8189: Fix too-small page size in "fetch all pages" code.

[arvados.git] / sdk / python / arvados / util.py
diff --git a/sdk/python/arvados/util.py b/sdk/python/arvados/util.py

index 552fbbe31fad1d106a0ff41f574e0455ec8ae7e8..2ac6ab9129af16edfac4670452c7194761332274 100644 (file)
--- a/sdk/python/arvados/util.py
+++ b/sdk/python/arvados/util.py
@@ -1,17 +1,34 @@
  import fcntl
  import hashlib
+import httplib2
  import os
  import re
  import subprocess
  import errno
+import sys
+
+import arvados
+from arvados.collection import CollectionReader
+
+HEX_RE = re.compile(r'^[0-9a-fA-F]+$')
+
+keep_locator_pattern = re.compile(r'[0-9a-f]{32}\+\d+(\+\S+)*')
+signed_locator_pattern = re.compile(r'[0-9a-f]{32}\+\d+(\+\S+)*\+A\S+(\+\S+)*')
+portable_data_hash_pattern = re.compile(r'[0-9a-f]{32}\+\d+')
+uuid_pattern = re.compile(r'[a-z0-9]{5}-[a-z0-9]{5}-[a-z0-9]{15}')
+collection_uuid_pattern = re.compile(r'[a-z0-9]{5}-4zz18-[a-z0-9]{15}')
+group_uuid_pattern = re.compile(r'[a-z0-9]{5}-j7d0g-[a-z0-9]{15}')
+user_uuid_pattern = re.compile(r'[a-z0-9]{5}-tpzed-[a-z0-9]{15}')
+link_uuid_pattern = re.compile(r'[a-z0-9]{5}-o0j2j-[a-z0-9]{15}')
+manifest_pattern = re.compile(r'((\S+)( +[a-f0-9]{32}(\+\d+)(\+\S+)*)+( +\d+:\d+:\S+)+$)+', flags=re.MULTILINE)
  
  def clear_tmpdir(path=None):
      """
      Ensure the given directory (or TASK_TMPDIR if none given)
      exists and is empty.
      """
-    if path == None:
-        path = current_task().tmpdir
+    if path is None:
+        path = arvados.current_task().tmpdir
      if os.path.exists(path):
          p = subprocess.Popen(['rm', '-rf', path])
          stdout, stderr = p.communicate(None)
@@ -28,19 +45,19 @@ def run_command(execargs, **kwargs):
      p = subprocess.Popen(execargs, **kwargs)
      stdoutdata, stderrdata = p.communicate(None)
      if p.returncode != 0:
-        raise errors.CommandFailedError(
+        raise arvados.errors.CommandFailedError(
              "run_command %s exit %d:\n%s" %
              (execargs, p.returncode, stderrdata))
      return stdoutdata, stderrdata
  
  def git_checkout(url, version, path):
      if not re.search('^/', path):
-        path = os.path.join(current_job().tmpdir, path)

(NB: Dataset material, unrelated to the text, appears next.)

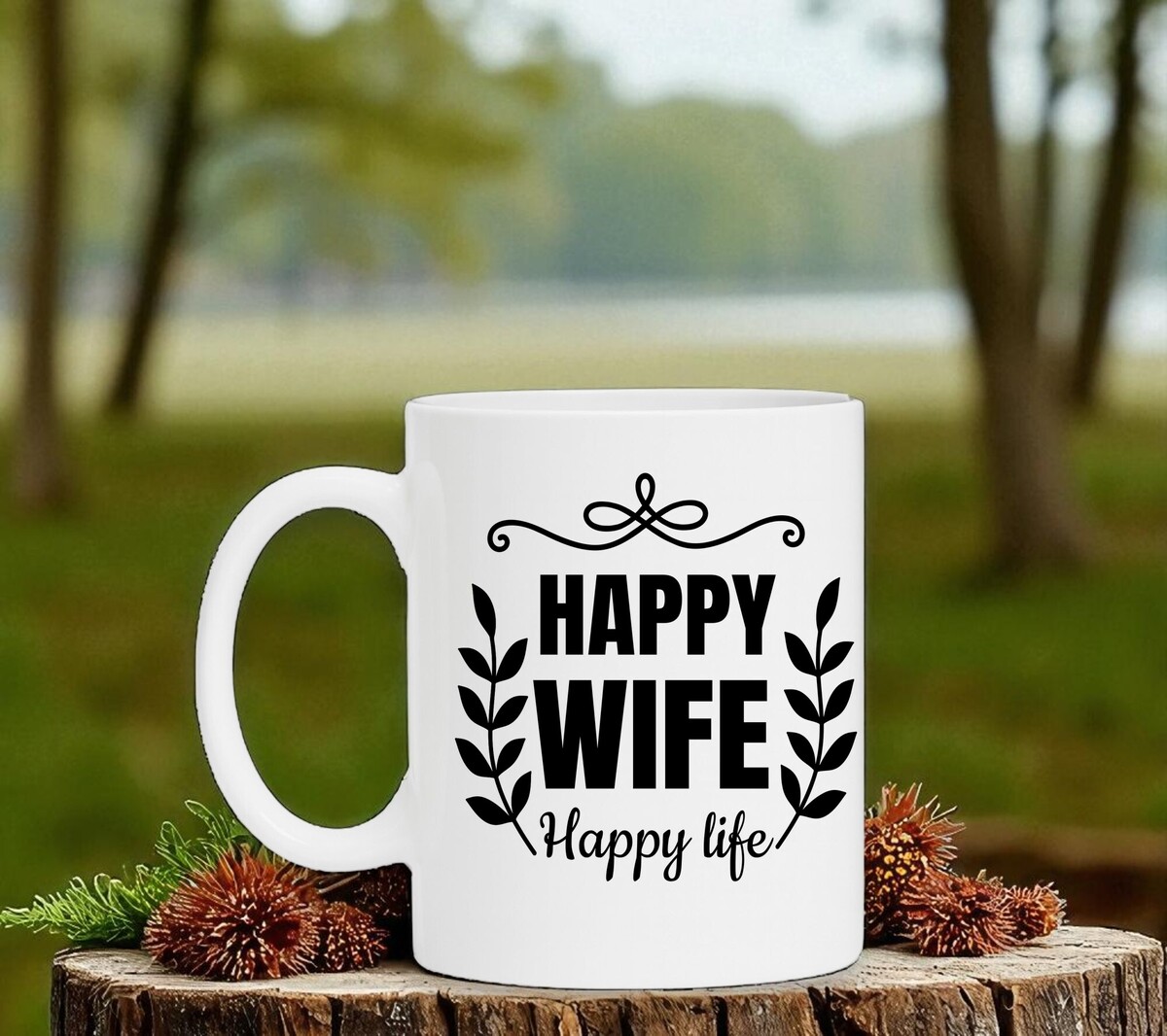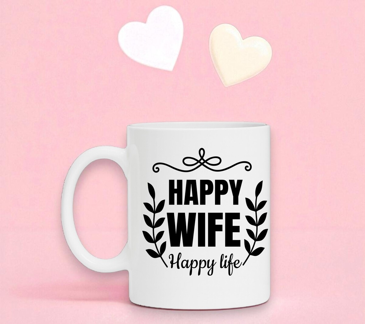 Een grappig koffie of thee mok happy wife happy life! De mok is magnetron en vaatwasserbestendig en de witte mok heeft een hoogte van 96mm en een diameter van 80mm.

+        path = os.path.join(arvados.current_job().tmpdir, path)
      if not os.path.exists(path):
-        util.run_command(["git", "clone", url, path],
-                         cwd=os.path.dirname(path))
-    util.run_command(["git", "checkout", version],
-                     cwd=path)
+        run_command(["git", "clone", url, path],
+                    cwd=os.path.dirname(path))
+    run_command(["git", "checkout", version],
+                cwd=path)
      return path
  
  def tar_extractor(path, decompress_flag):
@@ -63,7 +80,7 @@ def tarball_extract(tarball, path):
      path -- where to extract the tarball: absolute, or relative to job tmp
      """
      if not re.search('^/', path):
-        path = os.path.join(current_job().tmpdir, path)
+        path = os.path.join(arvados.current_job().tmpdir, path)
      lockfile = open(path + '.lock', 'w')
      fcntl.flock(lockfile, fcntl.LOCK_EX)
      try:
@@ -87,13 +104,13 @@ def tarball_extract(tarball, path):
  
          for f in CollectionReader(tarball).all_files():
              if re.search('\.(tbz|tar.bz2)$', f.name()):
-                p = util.tar_extractor(path, 'j')
+                p = tar_extractor(path, 'j')
              elif re.search('\.(tgz|tar.gz)$', f.name()):
-                p = util.tar_extractor(path, 'z')
+                p = tar_extractor(path, 'z')
              elif re.search('\.tar$', f.name()):
-                p = util.tar_extractor(path, '')
+                p = tar_extractor(path, '')
              else:
-                raise errors.AssertionError(
+                raise arvados.errors.AssertionError(
                      "tarball_extract cannot handle filename %s" % f.name())
              while True:
                  buf = f.read(2**20)
@@ -104,7 +121,7 @@ def tarball_extract(tarball, path):
              p.wait()
              if p.returncode != 0:
                  lockfile.close()
-                raise errors.CommandFailedError(
+                raise arvados.errors.CommandFailedError(
                      "tar exited %d" % p.returncode)
          os.symlink(tarball, os.path.join(path, '.locator'))
      tld_extracts = filter(lambda f: f != '.locator', os.listdir(path))
@@ -124,7 +141,7 @@ def zipball_extract(zipball, path):
      path -- where to extract the archive: absolute, or relative to job tmp
      """
      if not re.search('^/', path):
-        path = os.path.join(current_job().tmpdir, path)
+        path = os.path.join(arvados.current_job().tmpdir, path)
      lockfile = open(path + '.lock', 'w')
      fcntl.flock(lockfile, fcntl.LOCK_EX)
      try:
@@ -148,7 +165,7 @@ def zipball_extract(zipball, path):
  
          for f in CollectionReader(zipball).all_files():
              if not re.search('\.zip$', f.name()):
-                raise errors.NotImplementedError(
+                raise arvados.errors.NotImplementedError(
                      "zipball_extract cannot handle filename %s" % f.name())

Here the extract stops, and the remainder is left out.